The nearest town with tourists is about one hour boat ride, depending on the boat, tide and conditions.  Skipper Johnny, with considerable skill navigates a trusty pirogue through the reef passes. Johnny is also a competent guide to the numerous surf spots surrounding the outer reefs suceptible to the winds and large southern tides. Johnny having the only mobile phone is also the central hub for all things weather related. A vital source of information when your entire community relies on the ocean fish and the wind to feed itself. 

 

Before Johnny had his mobile and 3G connection this far South West it was not uncommon for fisherman to go out on the morning offshores and never return. Occasionally the winds can blow strong offshore for 48 hours. With the population of the island growing and the coastal villages seeming the most wealthy, Malagasy fisherman have to sail further offshore to find fish making it just possible to return by sail with the aftenoon onshores. A simple single internet connection with a weather report saves lives.

SURFING MADAGASCAR 2019

9th July 2019 

 

Just this morning I was reminded how magical surfing can be. I would say I am not the most enthusiastic surfer, not completely jaded but I am easily annoyed by crowds and average surf. I prefer to surf coach and see others enjoy and improve than surf myself. It was not always like this and in my twenties I would of given anything to live on the beach and surf perfect, uncrowded warm water reef waves. 

 

Occasionally, like this morning I experience how spellbinding surfing can be. It does not happen often and now I understand that this is the very reason why I appreciate its momentary perfection all the more. There was literally not a breath of wind, the colour of the ocean more blue with many more blues than I have seen before. I do not understand what made those blues. Everything had been pieced together and today it fit together effortlessly. The swell had just enough size, period and direction to hug, wrap and sometimes warp around the reef. There was nobody else surfing, only me and Mammakele the boat hand. Mammakele and I communicate in whoops and laughter, neither of us speaking a verbal language but communicating and understanding without the need for words. Noises, intonations and laughter were all that we needed. Everytime I would pull off a wave Mammakele would stand, shout and wave both arms in the air and although he does not surf I know that he understands surfing better than most of the “living the dream” surfers that own a surfboard a tee shirt and ride a wave but dont really comprehend it.

 

In three years nearly all the villagers now own a smartphone and its amusing to see the same heads down texting seen globally. Luckily its still common to see the the guys gaze for hours at the horizon looking and seeing things that it would take me a life time to understand.

 

Technology has always a good and bad side.

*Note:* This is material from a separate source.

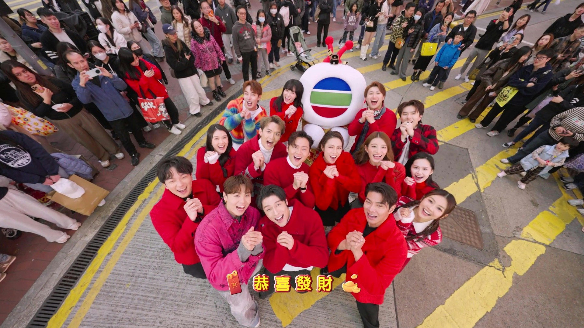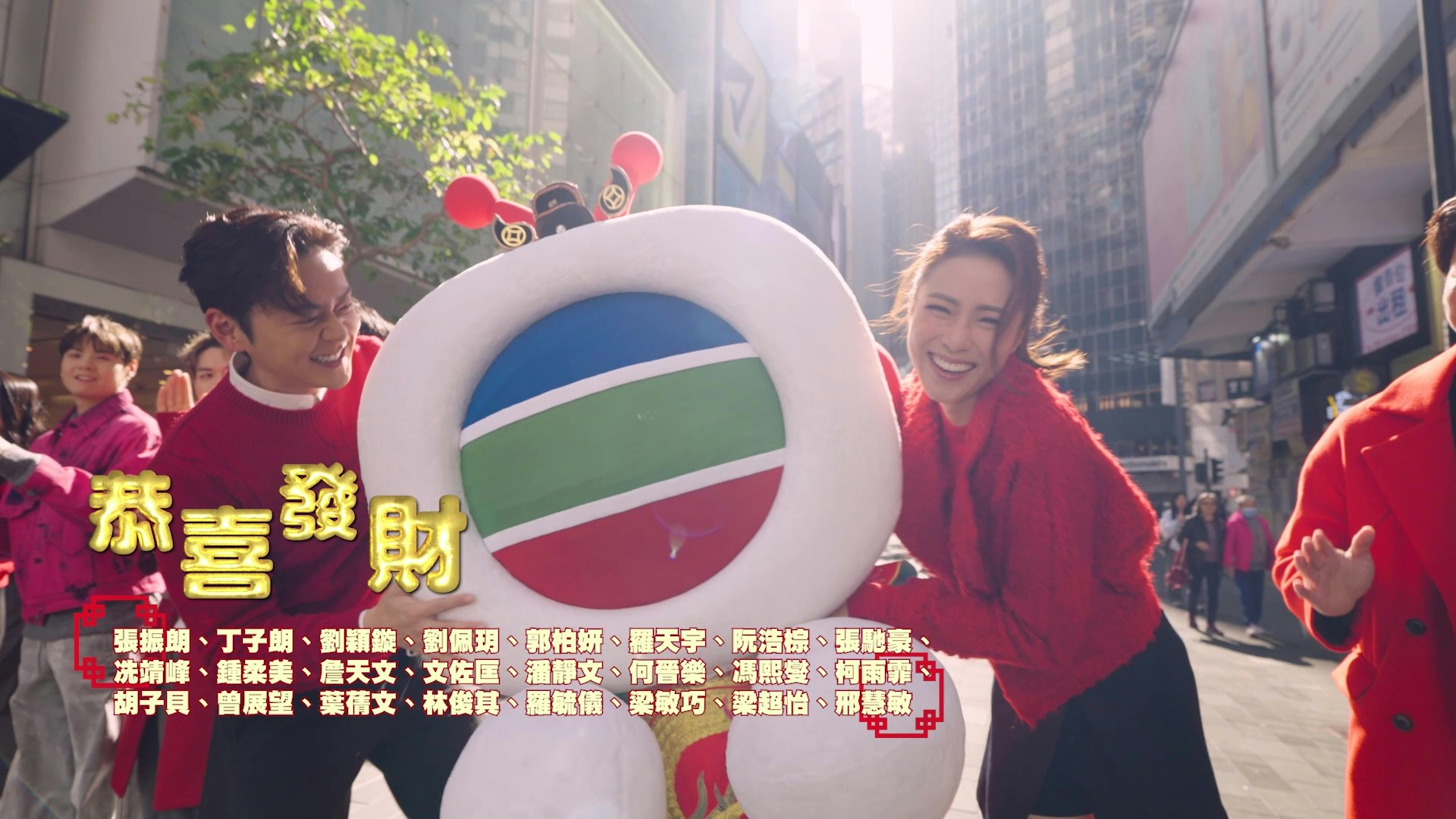 張振朗、劉穎鏇、及財神TVBuddy率領一眾上位小生及花旦在鬧市高歌《恭喜發財》。(官方提供圖片)

I wrote a previous blog on the village school about how a simple connection and a couple of computers could give children even in the remotest village access to an education. It is a real opportunity to bring equality to human kind. 

 

More recently I have also seen a change in the toys the children make, mini pirogues have been replaced by cars cut from plastic bottles with wheels made from coloured screw caps or mini surfboards carved from wood with pieces of bleached plastic cut for fins.

 

To earn money for the village a local “fishing middleman” comes to buy up the catch. This earns the villages cash in their pocket to buy phone credit, rum, fishing nets, solar panels and slightly ironically cans of tuna. Change is slow here, there is still no outboard engines motoring the pirogues ensuring the fishermans physiques demonstrate a good natural balance between calories consumed and calories burned.

 

The people seem quite happy, always laughing. There is an egalitarian quality to their lives, culturally they seem strong and independent, almost looking at us with amusement starting a generator to make a banana smoothie.